How to create your own javascript library

How to create your own javascript library

There are many facts and important points of why create your own library in javascript :

  • Feels pretty cool
  • Is a good way to organize your code
  • Your code will be more maintainable
  • Share easily with whoever you want
  • Write what you always need once

But always before write your own plugin you need to have a clear idea, why i want to write this plugin, is recommendable that you search good on google if there's already a plugin that makes what you want to achieve, this will be quicker,easily to integrate and may be even better than what you're tryng to do, remember : We don't want to re-create the wheel, that's very inproductive and we should avoid it if we are allowed to.

In this tutorial, we are going to create a simple library with pure javascript without prototyping, we'll use native objects instead.

If you want to know what's the difference between the use of prototype and manage manually objects, this post should help to clear your doubts.

1) Create the basic structure

The following code will create a global variable accesible after the code is executed called myWindowGlobalLibraryName.

(function(window){
  // You can enable the strict mode commenting the following line  
  // 'use strict';

  // This function will contain all our code
  function myLibrary(){
    var _myLibraryObject = {};

    // We will add functions to our library here !

    return _myLibraryObject;
  }

  // We need that our library is globally accesible, then we save in the window
  if(typeof(window.myWindowGlobalLibraryName) === 'undefined'){
    window.myWindowGlobalLibraryName = myLibrary();
  }
})(window); // We send the window variable withing our function


// Then we can call it using
console.log(myWindowGlobalLibraryName);

Since we wrap almost everything in anonymous functions, if our code fails, it should not damage all the external javascript.

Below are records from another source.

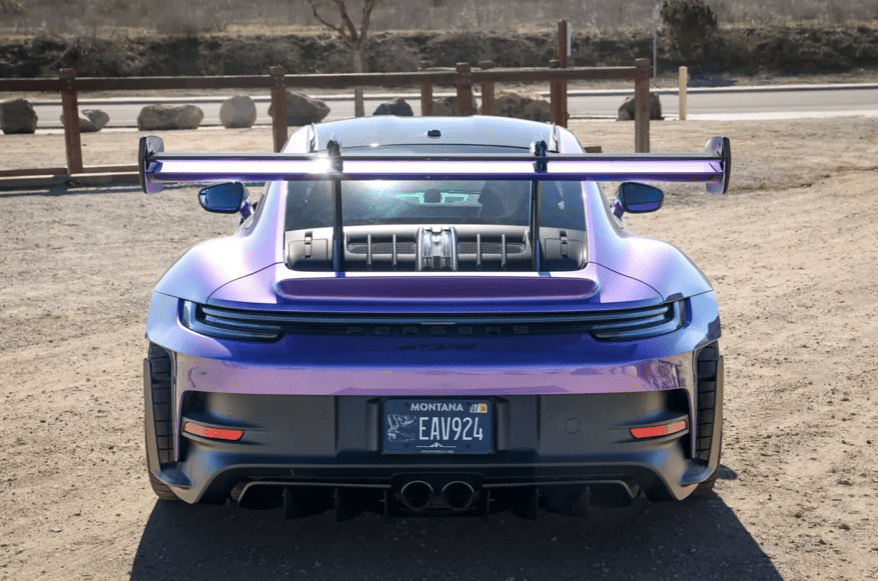 Головною особливістю цього Porsche є унікальне забарвлення Purple Metallic, обране через програму Porsche Paint to Sample. Лише ця опція коштувала 20 960 доларів. Крім того, автомобіль оснащений пакетом Weissach за 33 520 доларів, який додає дах і дзеркала з вуглецевого волокна, ковані магнієві колеса та покращені стабілізатори поперечної стійкості.
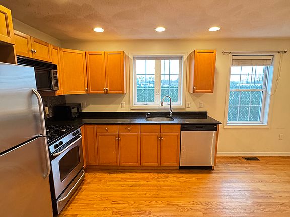 Available February 1st, this stunning 2-bedroom, 2-bathroom unit in prime East Boston offers the perfect blend of tranquility and convenience! Nestled at the end of a quiet dead-end street, the home features gleaming hardwood floors, sleek recessed lighting, and an extra alcove perfect for a home office or additional storage. Both bedrooms are spacious, offering ample storage and closet space. Enjoy the luxury of in-unit laundry and the convenience of an included parking spot. Plus, there's no last month's rent required! The owner will also be completing cosmetic updates, including fresh paint, refinishing the floors, touch-ups in the bathrooms, and more, ensuring the unit is move-in ready. Just a short walk to the MBTA Blue Line, this location provides easy access to Downtown Boston, North Shore destinations, Constitution Beach, the East Boston Greenway, and an array of shops and restaurants. No Last Month Rent. lease terms flexible. 1 parking spot included.
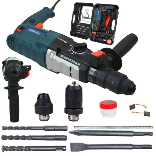 Wyposażona w wydajny silnik elektryczny o mocy 2950W. Idealnie sprawdzi się podczas wszelkiego rodzaju prac budowlanych, remontowych takich jak np. kucie, skuwanie tynków, kafelek, wiercenie, wkręcanie/wykręcanie itp. Urządzenie wyposażone w dwie głowice wiertarskie (SDS+ oraz głowica szybko-zaciskowa).
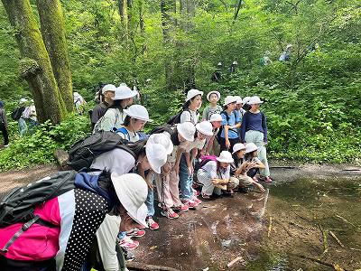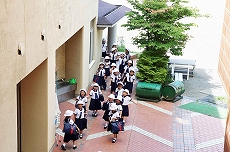 【軽井沢夏の学校】 <6年生:宿泊行事> 日本女子大学・軽井沢三泉寮で、2泊3日の寮生活を行いました。豊かな自然とすがすがしい気候のもと、起床・清掃・食事・学習・遠足・通信(手紙)・日記・就寝などの日常生活を通して、友達や先生といっしょに共同生活を行い、心と体を自らきたえ育てます。
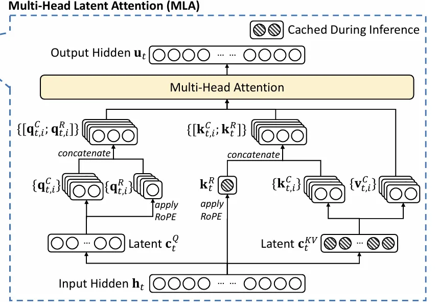 MLA可以参考苏神的文章了解详细的推导和解释 的性能优于 MHA,同时显著降低了 KV 缓存增强推理效率。MLA 不会像 MQA 和 GQA 那样减少 KV 头,而是将键和值联合压缩为潜空间量。
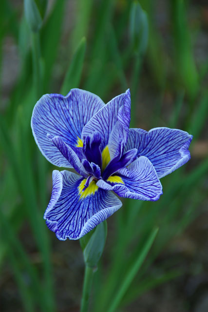 花菖蒲「東鏡」 【301-055】 花菖蒲 2019.11.04 白地に濃い青紫色の葉脈模様。江戸系 開花期 5-7月 冬季 落葉 日当たり 日向 耐寒性 強 水やり 多め 施肥 春・秋に油粕肥料、生育時に有機液肥を2週間に1回程度 用土 山野草の土/基本培養土
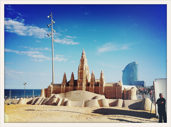 Rannalla rakennetaan usein taidokkaita hiekkalinnoja, mutta kuvan linna voittaa kyllä mahtavuudellaan kaikki aiemmin näkemäni. Se olikin pykätty pienimuotoista oopperamusiikin ilmaisleffafestaria varten. Taustalla häämöttää uudehko purjeenmuotoinen Hotel W.
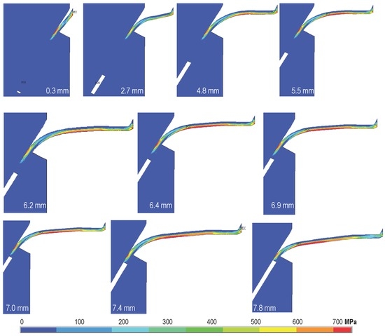 The first principal stress evolution for pullout displacement from 0.3 mm to 7.8 mm for a fiber inclination of 60 and a yield strength of 635 MPa (Type 3 in Table 2).
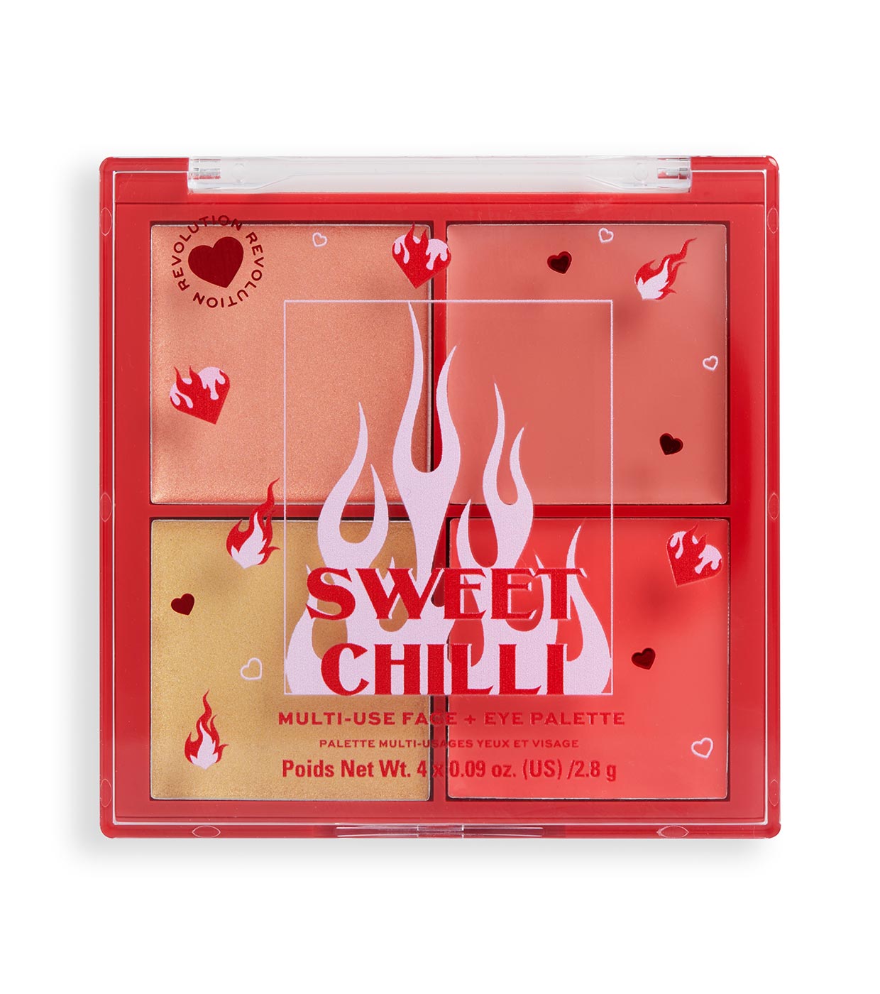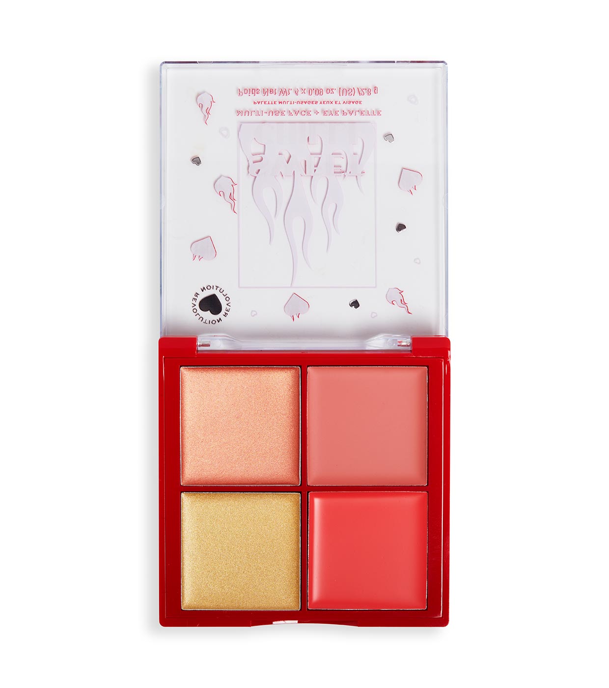 Begrüßen Sie unsere schärfste Markteinführung ... Bringen Sie Ihre glamouröseste Seite mit den feurigen Farben der I Heart Revolution Multi-Use Face and Eye Palette zum Vorschein.
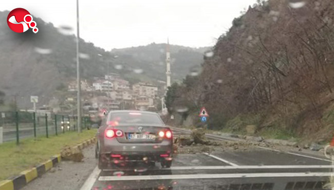 Zonguldak’ın Ereğli İlçesinde, meydana gelen heyelan nedeniyle Ereğli-Alaplı karayoluna kaya parçaları düştü.
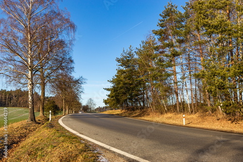 Fototapeta premium Rural asphalt road. Snowless winter in Czech countryside.
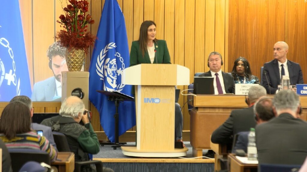 Shipping Deputy Minister of Cyprus Marina Hadjimanolis addresses the Plenary of the 34th General Assembly of the IMO
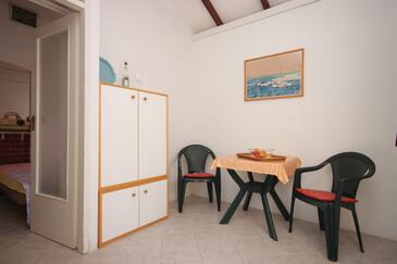 Haus bietet Platz für 2 Gäste. Die Betten sind in Schlafzimmern, die es 1 gibt, innerhalb einer Gesamtfläche von 16m2, angeordnet. Die Gäste haben eine eigene Terrasse zur Verfügung, auf der sie in warmen Sommernächten genießen können. In der gebuchten Unterkunftseinheit zahlt man am Ort ein Depositum ( der Preis ist an der Internetseite angeführt ).
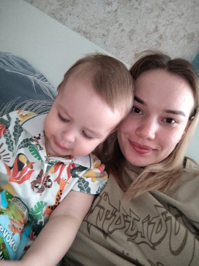 The image displays an indoor close-up portrait of two individuals in the city of Марковский, Russia. On the right, an adult female with light brown hair and a subtle smile looks directly into the camera. She wears a light khaki t-shirt with dark brown graffiti-style lettering. To her left, a young child with light brown hair faces downwards and to the left, away from the camera. The child wears a white short-sleeved shirt adorned with a tropical pattern of giraffes, tigers, toucans, and foliage, and a thin gold-colored chain with a small pendant around the neck. A blue sleeve with partially visible text, "VPVOKO," and an illustration is seen on the child's left arm. The background consists of a dark blue pillow or fabric with a white feather pattern on the left, a plain light-colored wall, and a textured, light beige ceiling or upper wall.
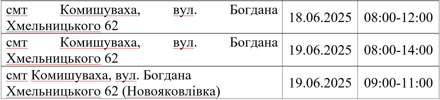 - смт Комишуваха, вул. Богдана Хмельницького, 62 (с. Новояковлівка) — 19 червня 2025 року, з 09:00 до 11:00
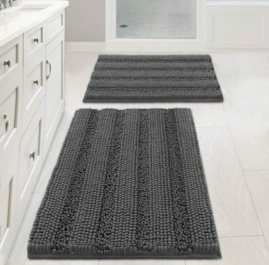 The striped design of these bath mats is also visually appealing and adds a stylish touch to any bathroom or living space. The grey color of these rugs is neutral and versatile, making them a great addition to any decor style.
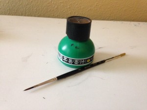 Buried in frustration, and trying to adhere to my rules, I threw caution to the wind and got out my bottle of ink and brush:
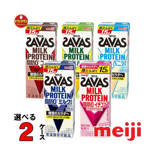 明治 savas ザバス milk protein ミルクプロテイン 脂肪0 200ml ココア バナナ 2種類 各1ケース 計48本 セット
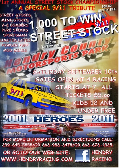 Join us Saturday night September 10th at The Hendry County Motorsports park as we pay Tribute to those who gave there lives selflessly on 9/11/2001. All, fire dept, sheriff, police, military, state troopers, FWC, any Emergency Service Personal will get in absolutely Free. There will be special performance from American Rescue Party 343 Inc. and a special 30 lap Street Stock 9/11 Tribute Race. Also racing will be Open Wheel Modifieds, Mod Minis, Pure Stocks, Sportsman, Limited Lates, Mini Stocks, V-8 Bombers, Kids bike races, and The Ladies Powder Puffs. Front gate admission is only $5.00, kids 12 and under are Free and all Emergency Services Personal are Free. Gates open at 4 racing starts at 7. For more information go to our web site www.hendryracing.com
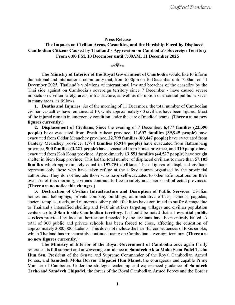 Press release: The impacts on civilian areas, and casualties caused by Thailand’s aggression on Cambodia’s sovereign territory from 6:00 pm, 10 December until 7:00 am, 11 December 2025
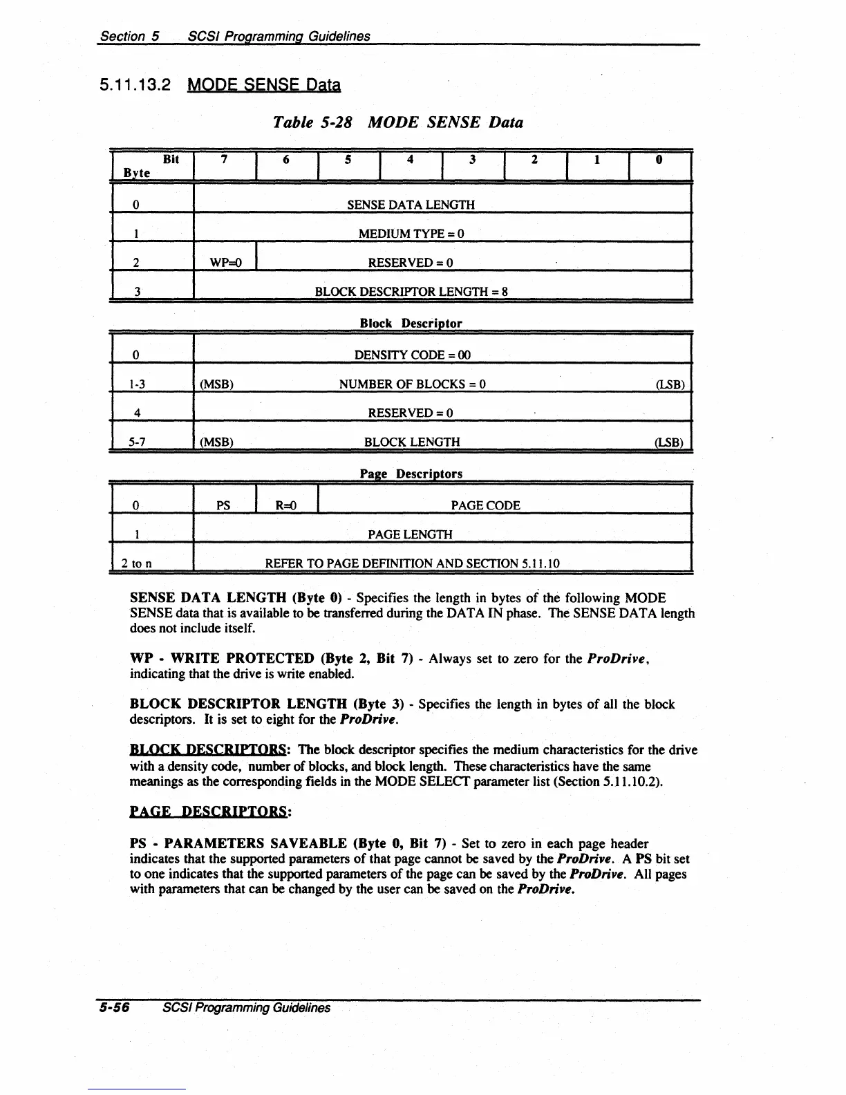 - WRITE PROTECTED (Byte 2, Bit 7) - Always set to zero for the ProDrive,
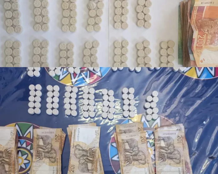 While conducting patrols along Tyson Road, officers observed suspicious activity by a group of men and stopped to search them. The search uncovered a substantial quantity of suspected mandrax tablets, with an estimated street value of R1,800, as well as cash believed to be proceeds of the illicit trade.
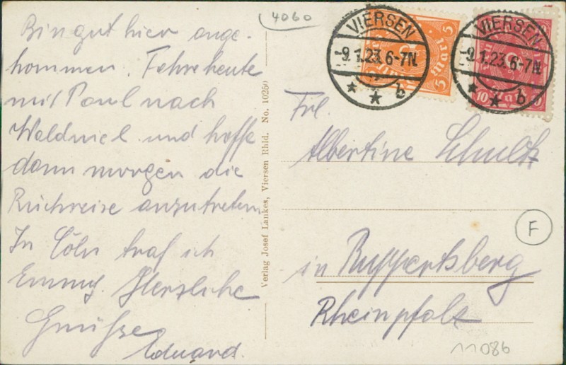 Alte Ansichtskarte aus Viersen, gelaufen am 09.01.1923 von Viersen nach Ruppertsberg.
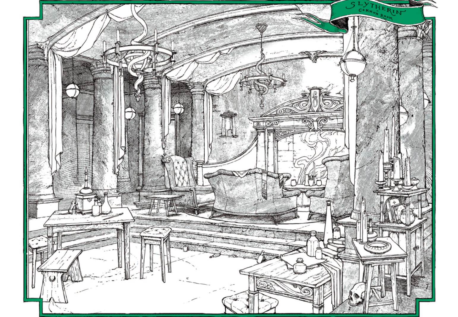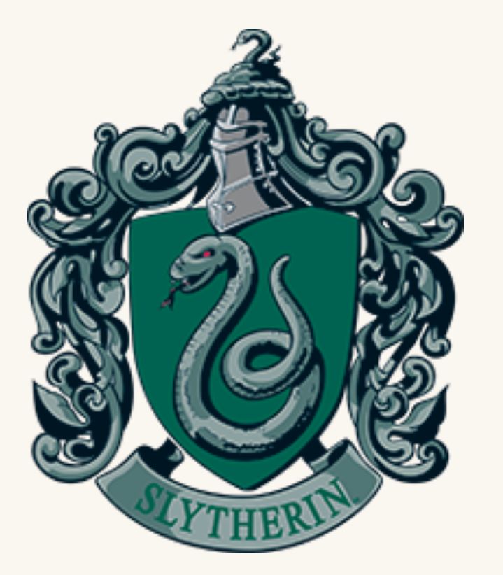蛇的學院!嘶——!這個由薩拉札.史萊哲林創辦的學院,或許沒有好的名聲。但若沒有史萊哲林,就不會有偉大的巫師梅林——或是可愛的天蠍.馬份。除了狡猾與果決,這個學院還隱藏的很深。
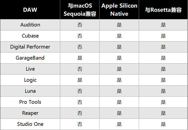 这是主要数字音频工作站(DAW)对Apple Silicon计算机和macOS Sequoia的支持情况。

2) Create custom functions for your library

In this example we will create a custom log function that we will call myCustomLog.

(function(window){
  // You can enable the strict mode commenting the following line  
  // 'use strict';

  // This function will contain all our code
  function myLibrary(){
    var _myLibraryObject = {};
    

    // Just create a property to our library object.
    _myLibraryObject.myCustomLog = function(thingToLog){
        console.log("My-Custom-Log > Type of variable : " + typeof(thingToLog));
        console.log("My-Custom-Log > Is number : " + !isNaN(thingToLog));
        console.log("My-Custom-Log > Length : " + (thingToLog).length);

        return console.log(thingToLog);
    };

    return _myLibraryObject;
  }

  // We need that our library is globally accesible, then we save in the window
  if(typeof(window.myWindowGlobalLibraryName) === 'undefined'){
    window.myWindowGlobalLibraryName = myLibrary();
  }
})(window); // We send the window variable withing our function


// Then we can call our custom function using
myWindowGlobalLibraryName.myCustomLog(["My library","Rules"]);

3) If you need, create publicly inaccessible properties in your library (in scope)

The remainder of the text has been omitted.